Clear guidelines for employee use of email is essential in today’s digital age. Email policy isn't just about how employees use their company email address from their main workstation. It involves how they use company email on any device (including their phone), and also what expectations the company has about any use of personal email from company devices.
There are nearly one billion google search results for “email policy for employees” -- so we know that teams all around the world are working to understand this important topic. One big reason why we think so many businesspeople are search for guidance is that it's incredibly difficult to craft an email policy from scratch. Every business that doesn't yet have an email policy should strongly consider building and implementing a policy that starts from a battle-tested policy template. In this post, want to give you a clear way to determine whether the template you are starting from covers the most crucial points. Havoc Shield customers already have policy templates available to them in-platform, but if you aren't yet a customer, here's what you should look for to gauge the quality of your email policy template.
Whether you’re working from a template or starting from scratch, there are key areas you should cover:
So much of our daily lives and interactions happen over the internet, and email is a key means of communication. It’s easy to get lost in the fast-paced nature of an email exchange without thinking about the consequences or how an interaction may make yourself, your company or your entire network vulnerable to a security breach.

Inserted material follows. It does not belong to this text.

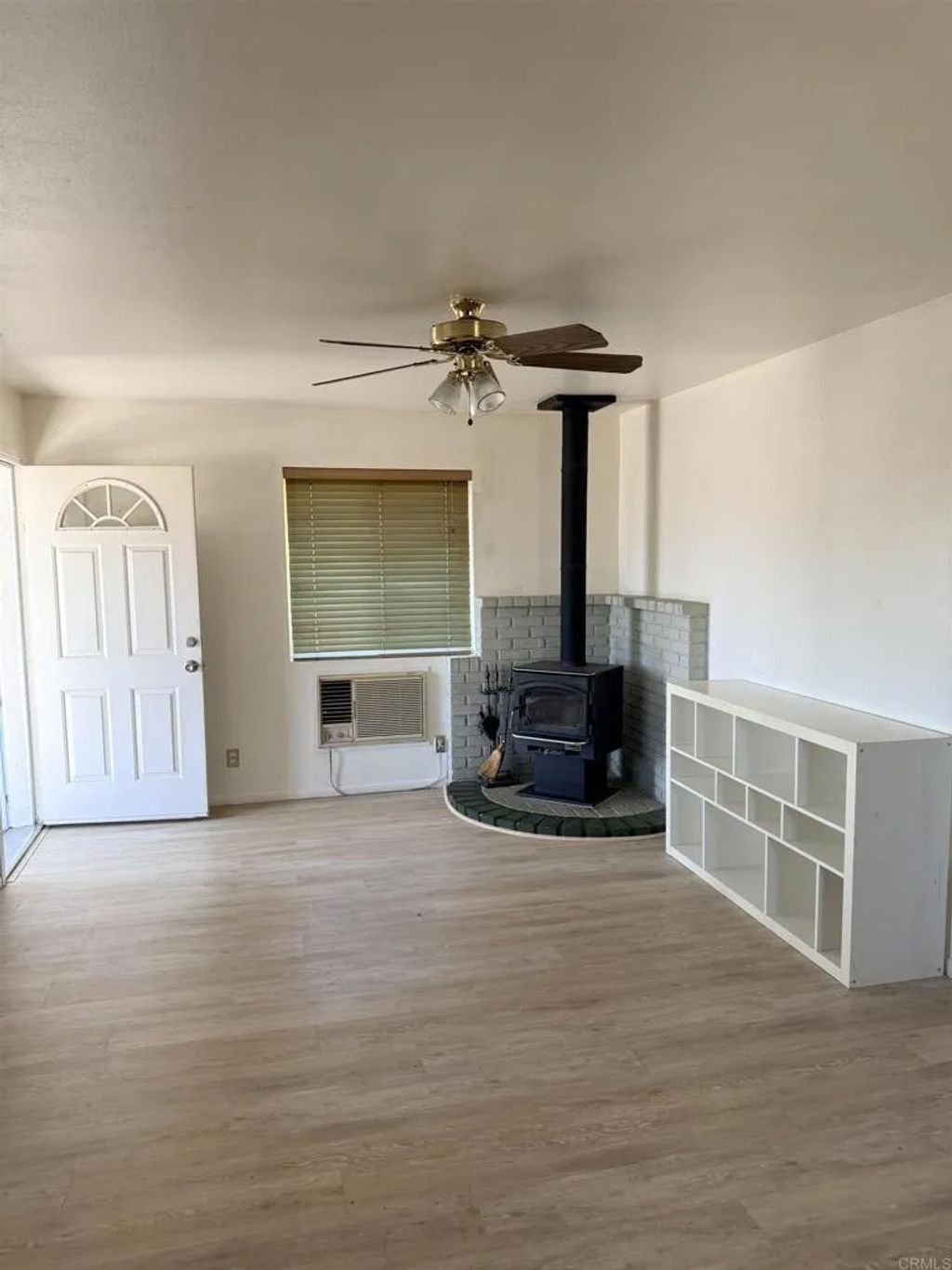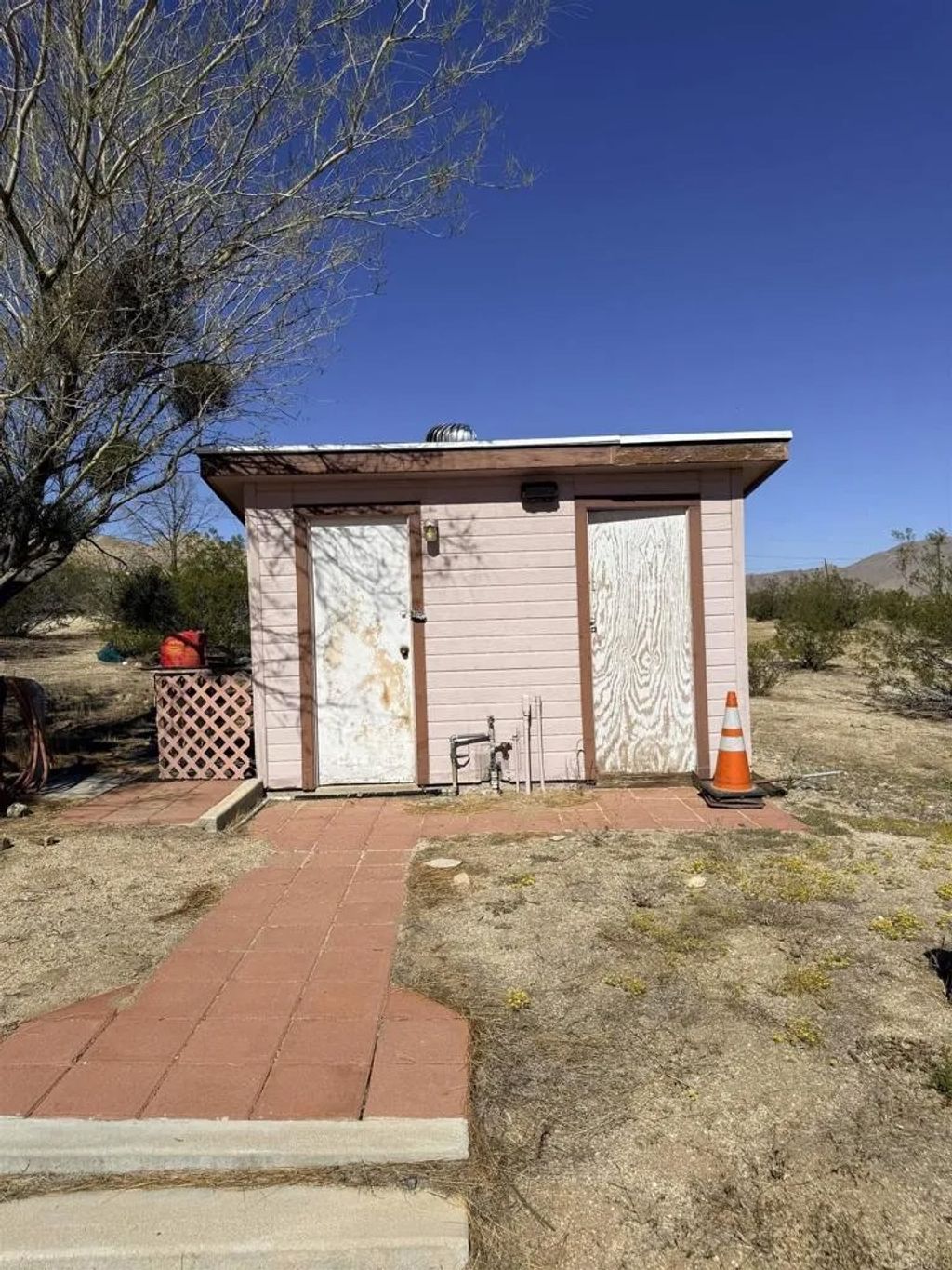 Ranch style home in Julian/Shelter Valley. Features 1 bedroom, 1 bath on 4.14. all usable acres. Bedroom has built-ins for storage. Gate entry, enclosed front porch, wood burning stove. Kitchen with refrigerator and stove. Outbuilding for storage. On a shared well.

Employees should receive and agree to the policy before they receive the login to their company email. Company leaders and stakeholders should revisit the email policy at least once per quarter to evaluate the policy for any outdated policy information or new vulnerabilities. TikTok is a great example; Employees may think signing up for TikTok with a company email is okay if they are using it for competitive research, yet your company/stakeholders may not want your company on the app at all, given the media and government attention around it.
Don’t let your email policy become something that’s distributed once and never again communicated. Hold employees responsible for understanding the ongoing commitment of your policy with frequent reminders, trainings as necessary, office hours/Q&As with IT, etc.
Start by considering the different perspectives of the company and make sure they are able to voice their recommendations. This may include the CEO, founders, human resources, IT and the board of directors. Depending on the type of business you have, it may also involve some particular functions who use email in different ways (i.e., marketing team who may be signing up for demos or apps, sales team who may be using email as key points of communication with potential customers or clients, etc.)
Review your policies through the lens of security vulnerability, but also taking into account productivity. Be clear enough that nothing is left up to interpretation, but don’t be so strict that it takes away from employees’ ability to do their job.